GLI AEREI DELL'11 SETTEMBRE
Abbiamo visto gli aerei dell'11 settembre, usati come
 proiettili di artiglieria o come missili, da piloti-suicidi ma
 con gente inerme a bordo, persone che si spostavano per lavoro,
 o per turismo, o per andare a trovare qualcuno. Là in aereo per
 via delle distanze, né più né
 meno come si fa in Italia con treno o autobus.

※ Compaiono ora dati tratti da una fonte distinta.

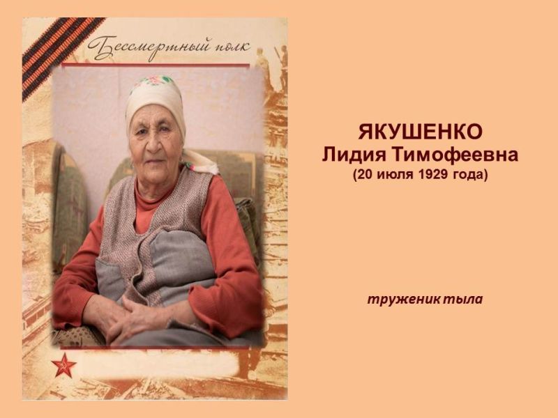 Моя прабабушка Якушенко Лидия Тимофеевна была подростком, когда началась война. У нее практически отобрали детство, и вместо этого дали огромные объемы непосильной работы в поле и дома.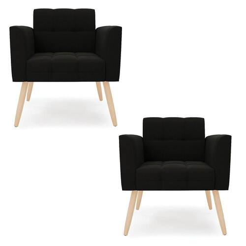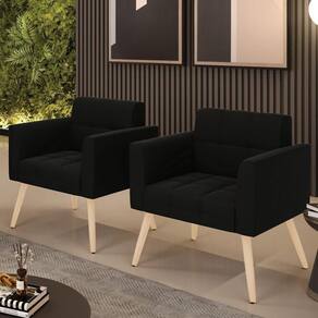 Você gosta de colecionar vários momentos memoráveis com sua família e amigos? Que tal recebê-los, com móveis de altíssima qualidade que só a DRossi tem? O Kit 2 Poltronas Elisa é adequado para você! Seu design retrô é a grande tendência do momento. Pode ser em diversos espaços da casa, em salas, hall de entrada, quartos, cozinhas, varanda, sacada, escritório, dentre outros. Contém as seguintes características: A estrutura é feita de madeira de Eucalipto 100% de reflorestamento, e os Pés Palito Natural, além de serem resistentes e duráveis, suportam em média até 120 kg. Assento, encosto e braços, contém enchimento de espuma D-23 e é estofada em tecido Suede, no tom Preto, que oferece muito conforto e resistência ao sentar, com aquela sensação de maciez e aconchego. Possui também, detalhes de costura no encosto e assento, resultando em um acabamento impecável, conferindo muito mais valor e elegância ao seu espaço. Para complementar a decoração com essas lindas poltronas, a dica é utilizar mantas, almofadas ou vasinho de flor. E pronto, seu cantinho estará perfeito para descansar e relaxar! Aqui, você encontra várias opções, para que seus amigos e familiares se sintam acolhidos. Garanta já seu Kit 2 Poltronas.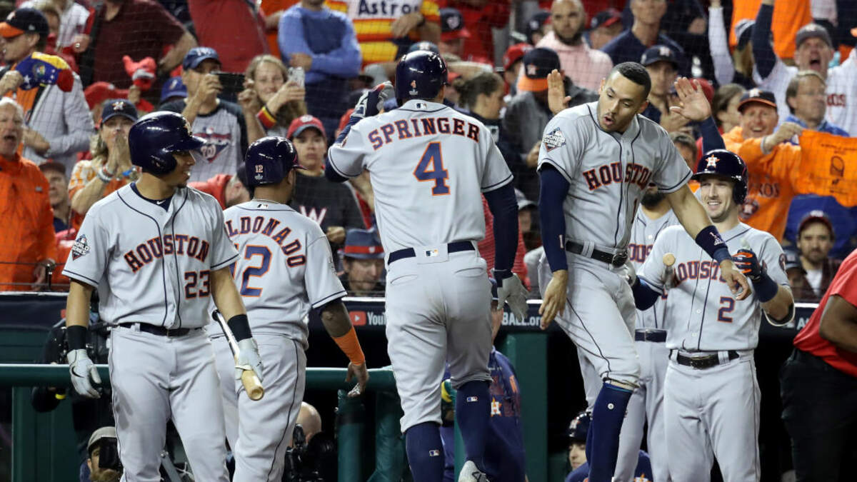 Photo: George Springer #4 of the Houston Astros is congratulated by his teammates after hitting a two-run home run against the Washington Nationals during the ninth inning in Game Five of the 2019 World Series at Nationals Park on October 27, 2019 in Washington, DC. (Getty Images)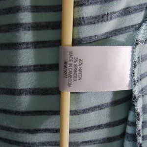 This Apt. 9 blouse features a stylish teal and black striped pattern, with short sleeves and a round neckline. The closure is a convenient pullover style, and the fit is relaxed for maximum comfort. Made from a blend of spandex and rayon materials, this blouse has a soft and lightweight feel. The fabric type is rayon, making it perfect for wearing on warmer days. Ideal for any casual occasion, this Apt. 9 blouse is a must-have for your wardrobe.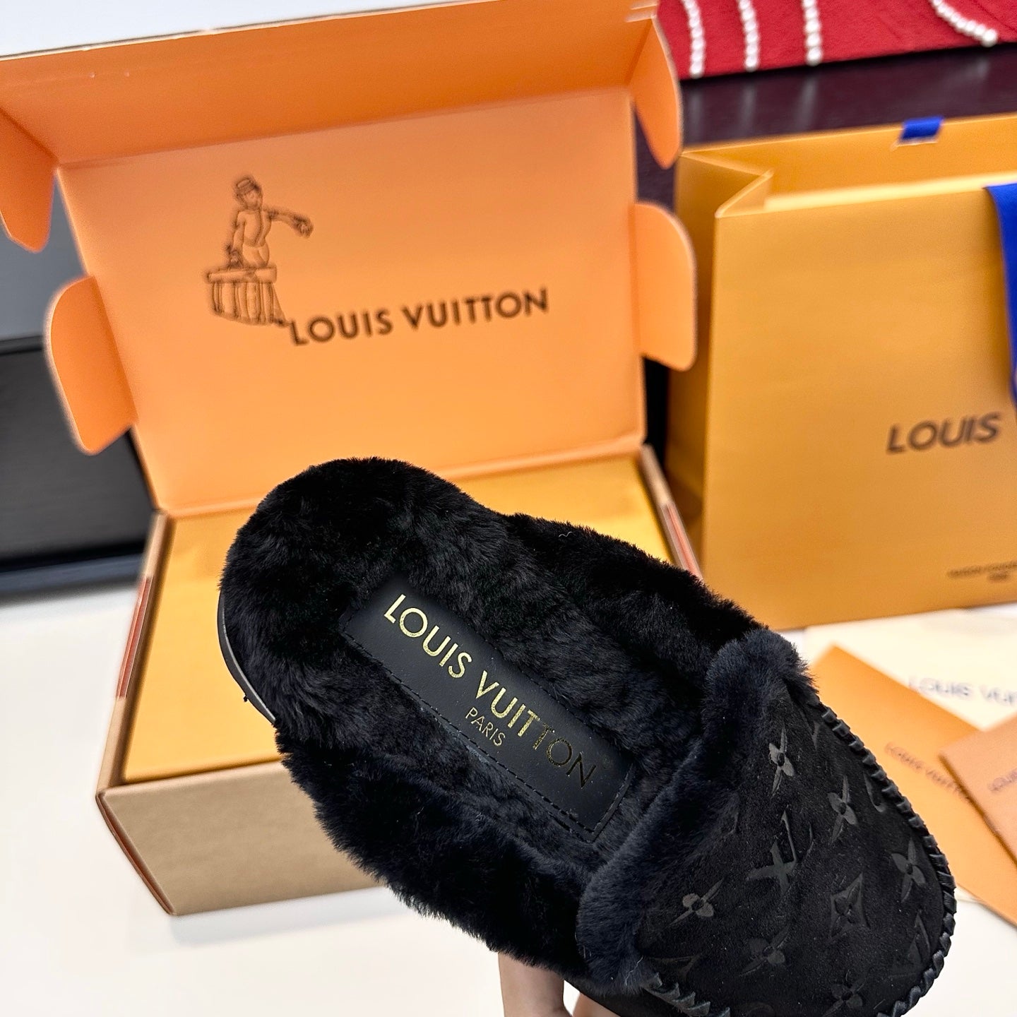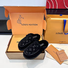 LV Ski Colorado Closed Mule Black Suede Wool 542228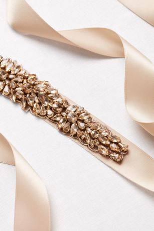The dramatic crystal embellishment of this slim satin sash catch the light, providing a luxe finish to simple gowns.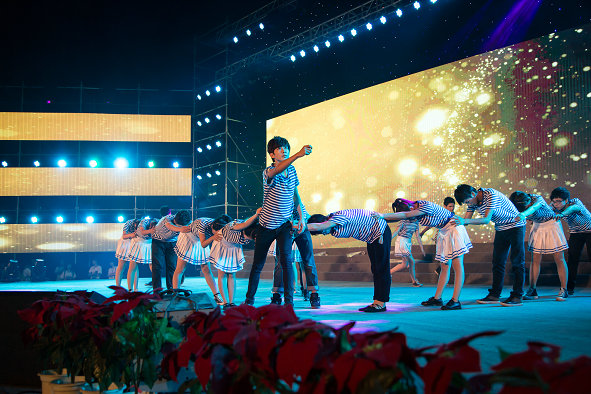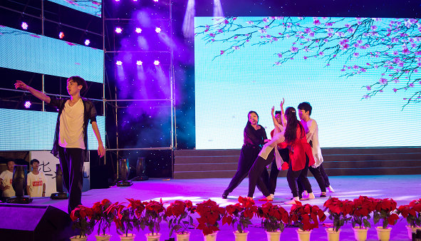绚丽夺目的舞台、流光溢彩的荧光棒、响彻云霄的欢呼声……晚会现场热闹非凡。校舞龙队带来了一场生龙活虎的《双龙戏珠》表演,空翻、后仰、直立、摆尾,动作敏捷,气势如虹,展示了工商学子朝气蓬勃的精气神;校啦啦队一段激情四射的舞蹈《激情之夏》更是点燃了现场气氛,队员们以优美的舞姿、动感的绚丽,跳出了青春的“健”与“美”;经济与商务外语学院带来的双节棍武术表演别出心裁,将双节棍与武术相融合,将武术的力量与技巧展现得淋漓尽致;阳光部落剧社带来的话剧《山里的太阳》,更是将该校杰出校友、全国最美乡村女教师邓丽支教的感人事迹搬上了舞台,真实地重现了邓丽扎根山区、奉献自我的高尚情怀,感动了现场的无数观众;信息工程学院、环境与生物工程学院、艺术与设计学院联袂演绎的舞蹈《致青春》,以一首首温暖怀旧的校园歌曲表达了学生们对学校、对老师的眷恋,对如歌岁月的回忆和对美好未来的期冀;文法学院少数民族学生带来的歌曲《高原红》以极具感染力和穿透性的歌声将观众们的心带到了美丽的大草原……精彩纷呈的节目让师生们大饱眼福,掌声、喝彩声此起彼伏。

 Poteva esserci qualcuno di noi lassù o, peggio, qualcuno dei
 nostri cari.
 Abbiamo letto le testimonianze dirette di chi stava andando
 verso questo barbaro destino e ne riferiva alle persone care. Testimonianze da far rabbrividire, da far dire che fortunati
 sono stati quelli dei piani delle Torri colpiti dai due aerei,
 perché almeno loro hanno avuto la fortuna di non accorgersi di
 nulla. Non così per quella persona che sventolava un panno
 bianco per richiamare l'attenzione per un impossibile soccorso,
 o per quell'altra che all'idea di finire arrostito nelle fiamme
 che avanzavano ha preferito il volo dalla finestra, quel volo
 che nella ripresa televisiva non finiva mai, non così per i
 soccorritori infilatisi nelle Torri per salvare gli altri e
 invece andando all'appuntamento con la morte...
 Abbiamo letto di un catastrofico bilancio in vite umane perdute.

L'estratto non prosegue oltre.